Unless otherwise state, materials were obtained from commercial suppliers and purified by distillation. ¹H NMR spectra were recorded on a JEOL JNM-ECS400 (400 MHz) spectrometer or JEOL JNM-ECX400 (400 MHz) FT spectrometer in CDCl₃ as the solvent with tetramethylsilane (TMS) as an internal standard. ¹³C NMR spectra were taken mainly on JEOL JNM-ECS400 (100 MHz) and JEOL JNM-ECX400 (100 MHz) FT spectrometers in CDCl_3. ³¹P NMR spectra were recorded on a JEOL JNM-ECX400 (162 MHz) FT spectrometer in CDCl₃ with 85% H₃PO₄ solution as an external standard or a Bruker BioSpin Ascend 400 spectrometer (162 MHz). ¹⁹F NMR spectra were recorded on a Bruker BioSpin Ascend 400 spectrometer (377 MHz). IR spectra were recorded on JASCO FT/IR-680Plus instrument. High-resolution mass spectra (HRMS) were recorded on a Bruker micrOTOF II ESI(+)/TOF instrument.

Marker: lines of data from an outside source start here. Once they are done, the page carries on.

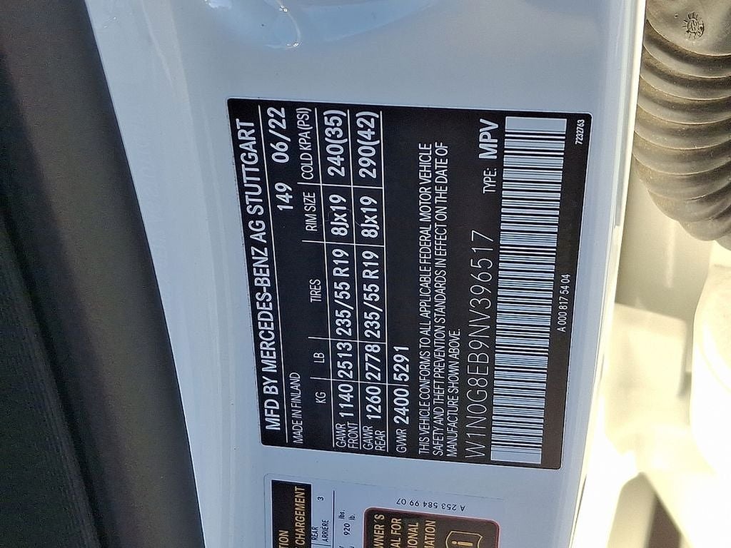 THIS VEHICLE INCLUDES THE FOLLOWING FEATURES AND OPTIONS: 10.25 Center Touchscreen Display, 3.27 Axle Ratio, 4-Way Lumbar Support, 4-Wheel Disc Brakes, 6 Speakers, ABS brakes, Air Conditioning, Alloy wheels, AM/FM radio, Apple CarPlay®/Android Auto®, Auto High-beam Headlights, Auto tilt-away steering wheel, Auto-dimming door mirrors, Auto-dimming Rear-View mirror, Automatic temperature control, Brake assist, Bumpers: body-color, Child-Seat-Sensing Airbag, Delay-off headlights, Driver door bin, Driver vanity mirror, Dual front impact airbags, Dual front side impact airbags, Electronic Stability Control, Emergency communication system: eCall Emergency System, Exterior Parking Camera Rear, Four wheel independent suspension, Front anti-roll bar, Front Bucket Seats, Front Center Armrest, Front dual zone A/C, Front reading lights, Fully automatic headlights, Garage door transmitter: HomeLink, Genuine wood dashboard insert, Heated door mirrors, Heated Front Bucket Seats, Heated front seats, Illuminated entry, Knee airbag, Leather steering wheel, Low tire pressure warning, MB-Tex Upholstery, Memory seat, Occupant sensing airbag, Outside temperature display, Overhead airbag, Overhead console, Panic alarm, Passenger door bin, Passenger vanity mirror, Power door mirrors, Power driver seat, Power Front Seat w/Driver Memory, Power Liftgate, Power passenger seat, Power steering, Power windows, Radio data system, Radio: MBUX Multimedia System, Rain sensing wipers, Rear anti-roll bar, Rear fog lights, Rear reading lights, Rear seat center armrest, Rear window defroster, Rear window wiper, Remote keyless entry, Roof rack: rails only, Security system, Speed control, Speed-sensing steering, Split folding rear seat, Spoiler, Steering wheel memory, Steering wheel mounted audio controls, Tachometer, Telescoping steering wheel, Tilt steering wheel, Traction control, Trip computer, Turn signal indicator mirrors, Variably intermittent wipers, and Wheels: 8J x 18 ET 38 Split 5-Spoke. 21/28 City/Highway MPG
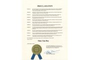 8月4日,美国印第安纳州布卢明顿市市长凯瑞‧汤姆森(Kerry Thomson)褒奖神韵艺术团,并宣布2025年8月16日为布卢明顿市“神韵日”。
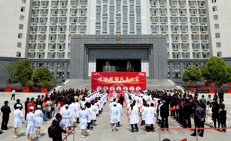 【香港商報網訊】截止4月10日上午,安徽黃山市休寧縣派出的2批援鄂醫療隊7名成員全部平安歸來,家鄉人民舉辦了隆重而熱烈的歡迎儀式。休寧縣委書記盧邦生,縣人大常委會主任汪美月,縣政協主席儲曉華,縣委副書記、統戰部長洪建坤,縣政協副主席、縣總醫院院長寧衛華出席歡迎儀式。
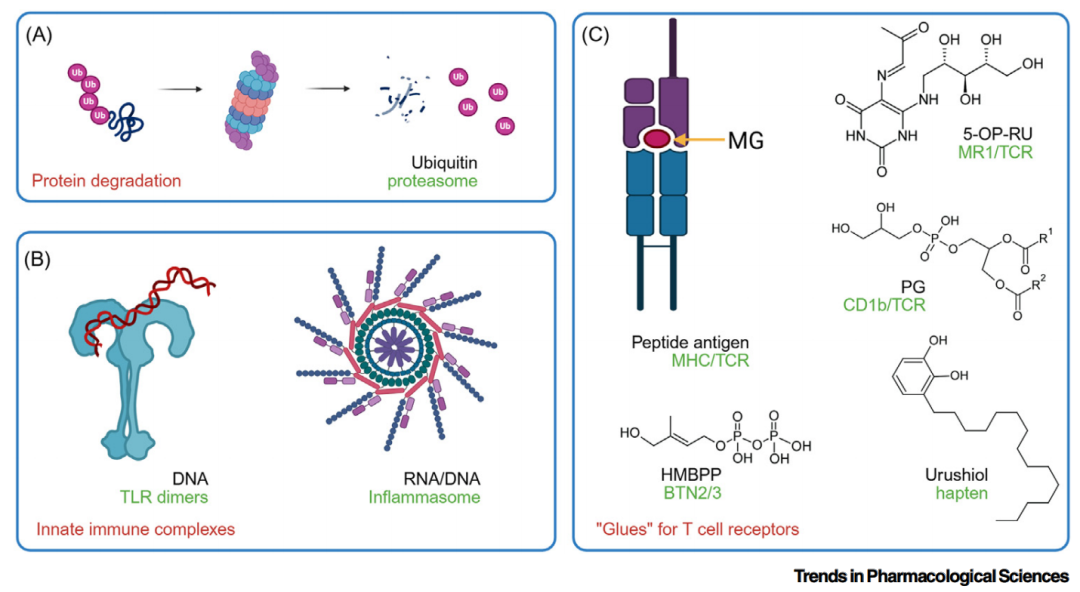 与抑制剂不同,分子胶通过增强相关蛋白质之间的亲和力来形成三元蛋白质复合物。其作用是对信号传导事件起到抑制或促进作用,或者稳定或降低蛋白质表达。天然产物通常具有形成三元复合物的优势,然而它们必须是小分子才能被视为分子胶。免疫反应系统提供了大量实例(图 1):①泛素-蛋白酶体降解途径是免疫反应中的关键角色,它降解外来蛋白质并生成肽抗原。分子胶可以将其靶向作用于难以成药的蛋白质;②先天免疫中的分子胶。Toll样受体(TLRs)和NOD样受体(NLRs)在与外来DNA分子结合时形成三元复合物,从而激活免疫系统;③T细胞受体的分子胶。虽然肽抗原会触发MHC和TCR的复合物,但免疫学的最新发现表明,非典型抗原可作为常规或共价分子胶。这些例子表明,MGs能够超越典型的PPIs,从而调节免疫识别和药物过敏反应。

General procedure for the phosphinylphosphination of alkynes

Ph₂P(O)PPh₂ (1, 0.6 mmol) and an alkyne (2, 0.4 mmol) were placed in a Schlenk tube with CDCl₃ or benzene (super dehydrated) under argon atmosphere. V-40 was added to the mixture, and then the reaction was heated at 80 °C and stirred for 22 h. After the reaction was complete, sulfur (3 equiv) was added under inert atmosphere and then the mixture was stirred at 60 °C for 6 h to provide the stable adduct 3. The purification of the products was performed by silica gel column chromatography using isohexane/MeOAc as an eluent.

Supporting Information

File 1

Characterization data and copies of NMR spectra.

Funding Statement

D.P.T. is grateful for the support of the Japanese Government (Monbukagakusho: MEXT) Scholarship. This research was supported by JSPS KAKENHI (B, 19H02791), (B, 19H02756), and (19K17746), from the Ministry of Education, Culture, Sports, Science and Technology, Japan, and by Kyoto-NAIST Advanced Nanotechnology Network.